[Data extracted from a collection]

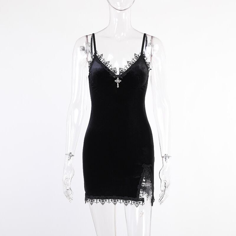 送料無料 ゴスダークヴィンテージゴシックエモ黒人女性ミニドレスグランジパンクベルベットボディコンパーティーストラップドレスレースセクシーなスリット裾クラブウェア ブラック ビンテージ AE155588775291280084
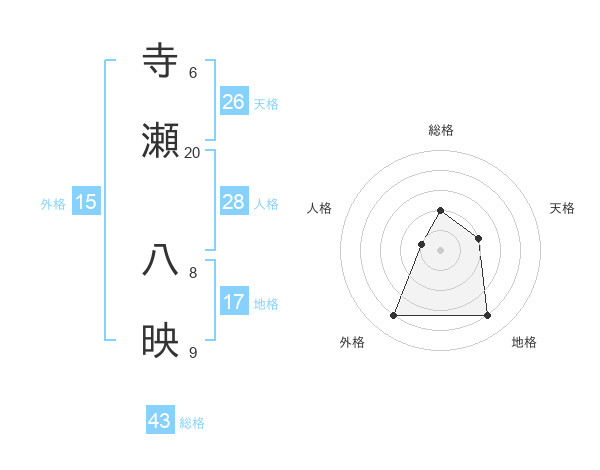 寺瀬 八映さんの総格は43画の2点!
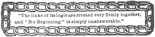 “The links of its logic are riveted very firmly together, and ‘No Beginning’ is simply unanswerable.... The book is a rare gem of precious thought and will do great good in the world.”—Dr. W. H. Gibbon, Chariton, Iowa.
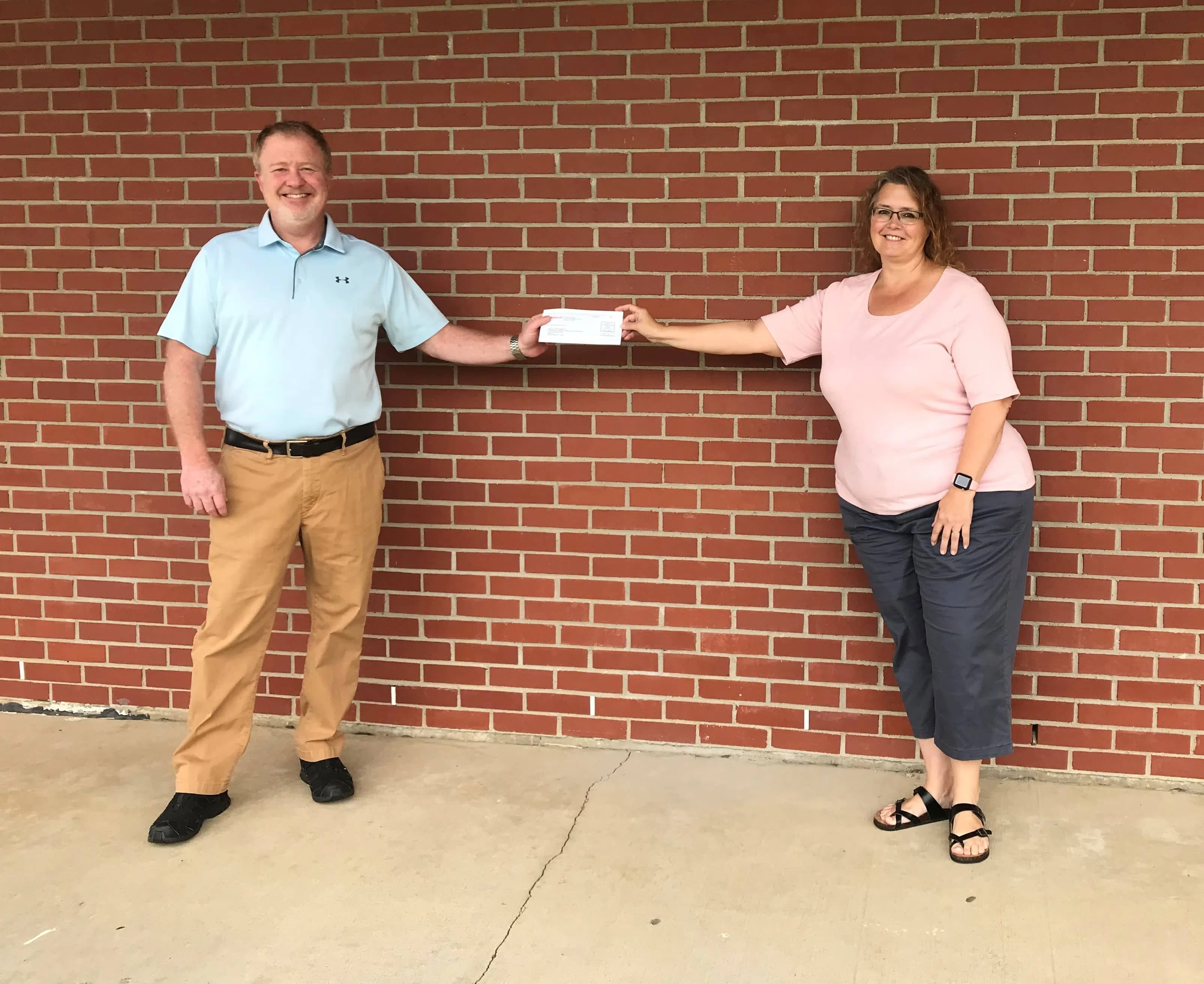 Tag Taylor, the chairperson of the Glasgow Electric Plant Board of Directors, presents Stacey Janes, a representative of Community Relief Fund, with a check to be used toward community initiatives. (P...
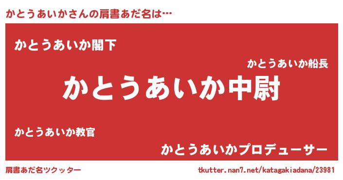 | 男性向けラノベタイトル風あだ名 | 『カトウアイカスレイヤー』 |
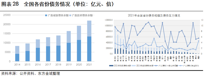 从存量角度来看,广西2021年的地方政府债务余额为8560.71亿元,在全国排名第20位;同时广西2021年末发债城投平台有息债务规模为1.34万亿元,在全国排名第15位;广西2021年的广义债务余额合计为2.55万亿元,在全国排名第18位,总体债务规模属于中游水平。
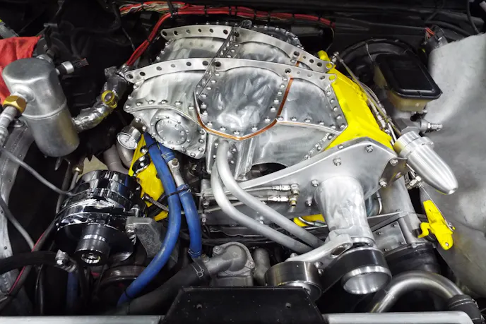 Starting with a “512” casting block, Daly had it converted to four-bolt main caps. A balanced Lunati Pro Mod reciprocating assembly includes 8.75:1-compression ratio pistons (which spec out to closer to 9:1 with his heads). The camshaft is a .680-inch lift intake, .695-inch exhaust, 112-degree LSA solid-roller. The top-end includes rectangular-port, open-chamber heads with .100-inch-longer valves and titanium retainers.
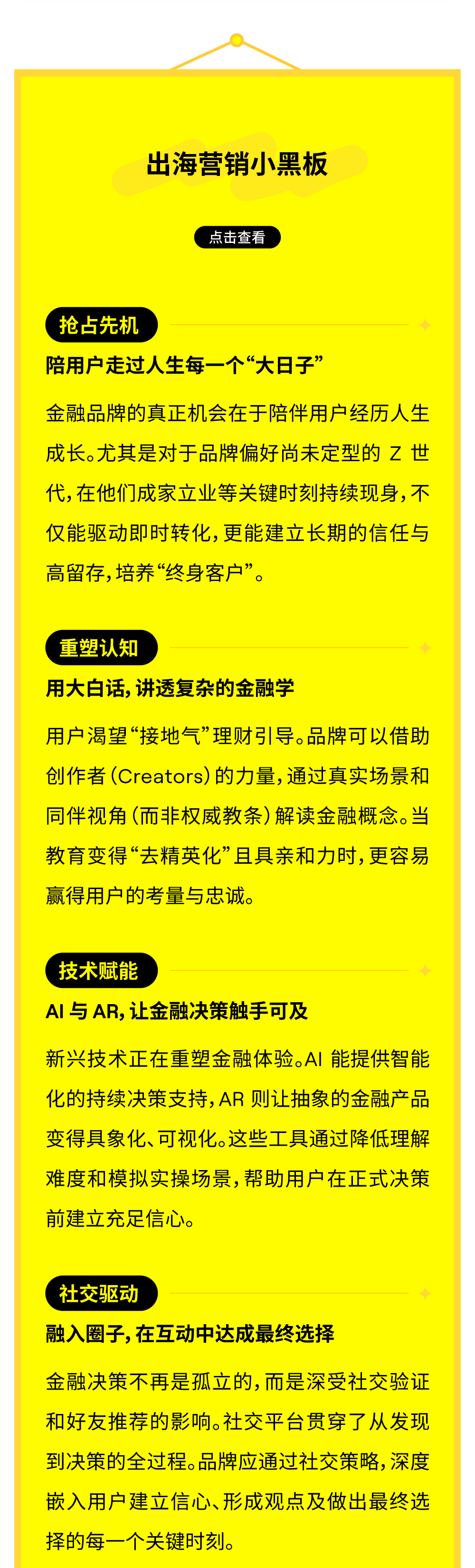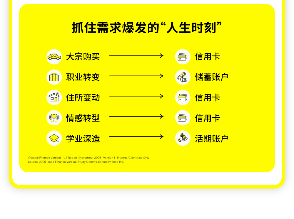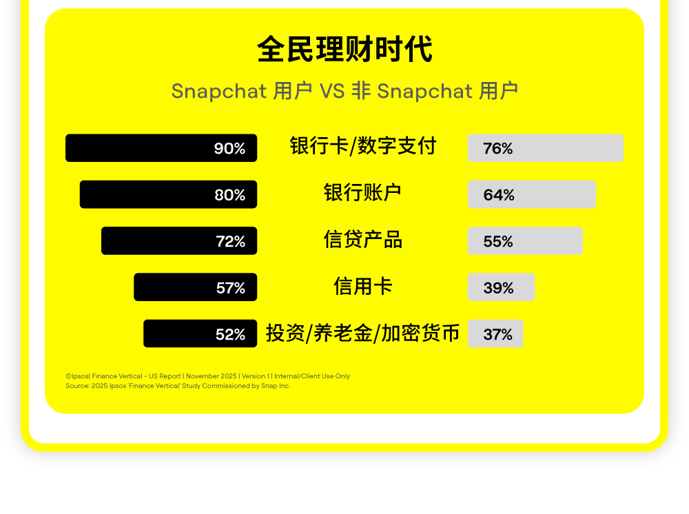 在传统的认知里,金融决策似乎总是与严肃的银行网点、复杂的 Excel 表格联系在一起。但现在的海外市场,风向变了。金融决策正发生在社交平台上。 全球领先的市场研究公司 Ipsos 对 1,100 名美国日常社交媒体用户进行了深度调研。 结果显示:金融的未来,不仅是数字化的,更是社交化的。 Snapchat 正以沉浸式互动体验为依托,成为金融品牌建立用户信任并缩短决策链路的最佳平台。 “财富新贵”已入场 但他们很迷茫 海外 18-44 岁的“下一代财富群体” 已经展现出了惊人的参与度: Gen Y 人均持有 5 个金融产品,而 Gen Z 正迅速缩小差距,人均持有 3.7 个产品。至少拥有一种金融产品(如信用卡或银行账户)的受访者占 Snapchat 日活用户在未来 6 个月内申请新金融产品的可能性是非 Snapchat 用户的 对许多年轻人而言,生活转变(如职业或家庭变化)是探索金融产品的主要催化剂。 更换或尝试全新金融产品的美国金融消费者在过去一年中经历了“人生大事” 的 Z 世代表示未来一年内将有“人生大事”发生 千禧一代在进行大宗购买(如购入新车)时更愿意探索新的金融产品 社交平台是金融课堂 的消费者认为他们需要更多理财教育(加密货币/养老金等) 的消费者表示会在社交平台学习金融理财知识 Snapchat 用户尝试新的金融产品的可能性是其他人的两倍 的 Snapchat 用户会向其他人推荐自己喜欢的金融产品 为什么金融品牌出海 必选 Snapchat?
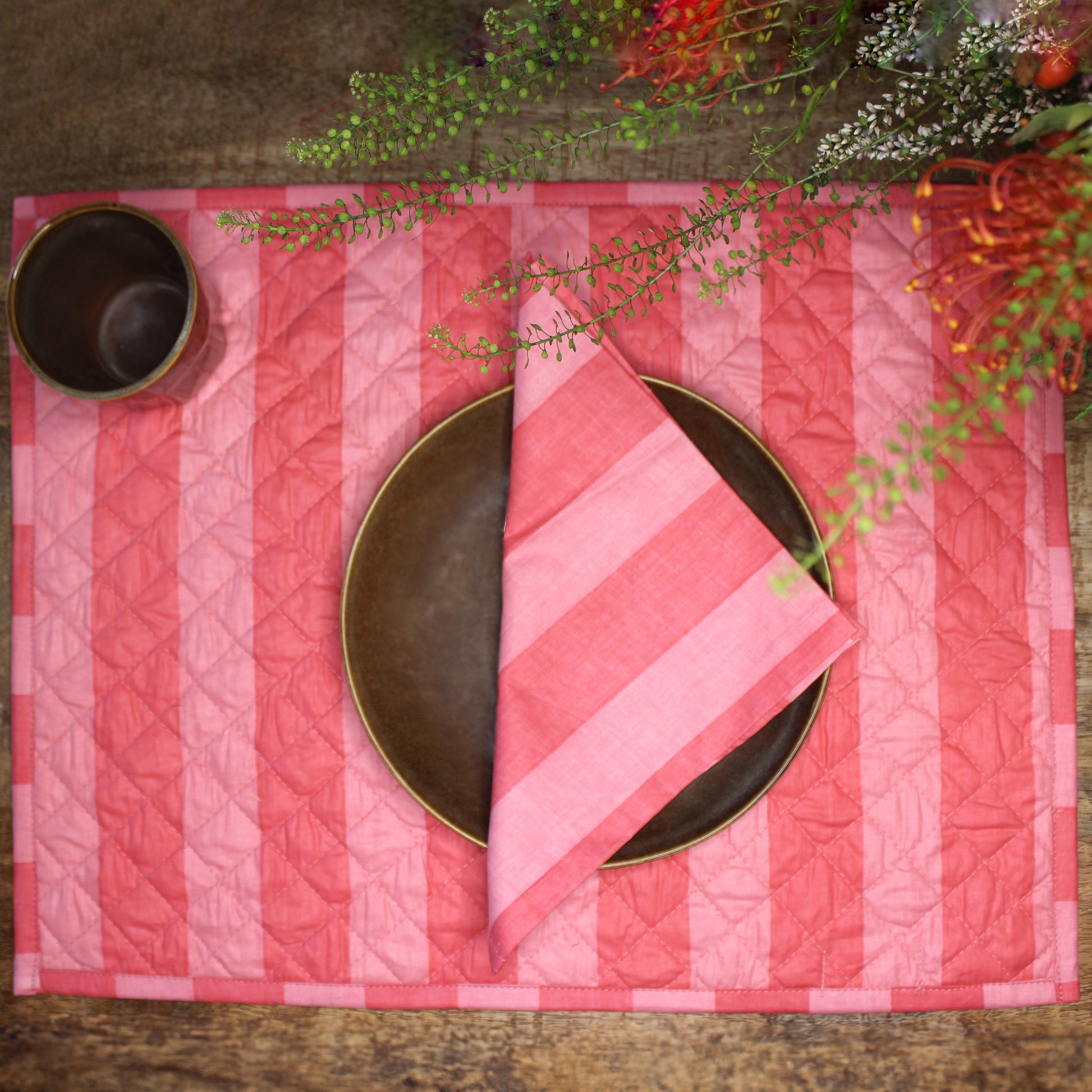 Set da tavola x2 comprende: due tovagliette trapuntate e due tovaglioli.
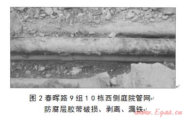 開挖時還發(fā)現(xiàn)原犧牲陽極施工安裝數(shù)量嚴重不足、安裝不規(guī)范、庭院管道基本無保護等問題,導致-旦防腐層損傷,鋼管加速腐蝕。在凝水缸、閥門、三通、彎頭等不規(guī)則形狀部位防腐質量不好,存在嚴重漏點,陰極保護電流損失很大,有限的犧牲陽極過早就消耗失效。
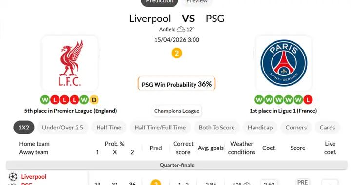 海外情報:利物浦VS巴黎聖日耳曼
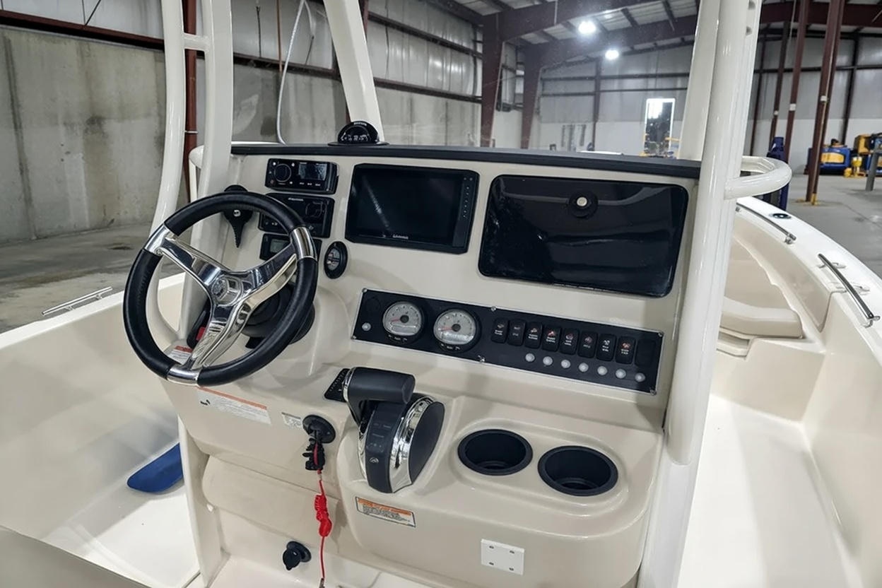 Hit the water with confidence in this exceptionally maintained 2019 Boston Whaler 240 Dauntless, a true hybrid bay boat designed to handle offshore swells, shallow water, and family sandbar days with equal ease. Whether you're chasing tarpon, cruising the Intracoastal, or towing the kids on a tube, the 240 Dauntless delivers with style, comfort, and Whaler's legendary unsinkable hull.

**EXERCISE OBJECTIVE**
Give again, exactly as written above, each line from the one that has "Gibbon, Chariton, Iowa." to the one that has "男性向けラノベタイトル風あだ名 | 『カトウアイカスレイヤー』 |", both included; omit the pictures.

**ANSWER**
 “The links of its logic are riveted very firmly together, and ‘No Beginning’ is simply unanswerable.... The book is a rare gem of precious thought and will do great good in the world.”—Dr. W. H. Gibbon, Chariton, Iowa.
 Tag Taylor, the chairperson of the Glasgow Electric Plant Board of Directors, presents Stacey Janes, a representative of Community Relief Fund, with a check to be used toward community initiatives. (P...
 | 男性向けラノベタイトル風あだ名 | 『カトウアイカスレイヤー』 |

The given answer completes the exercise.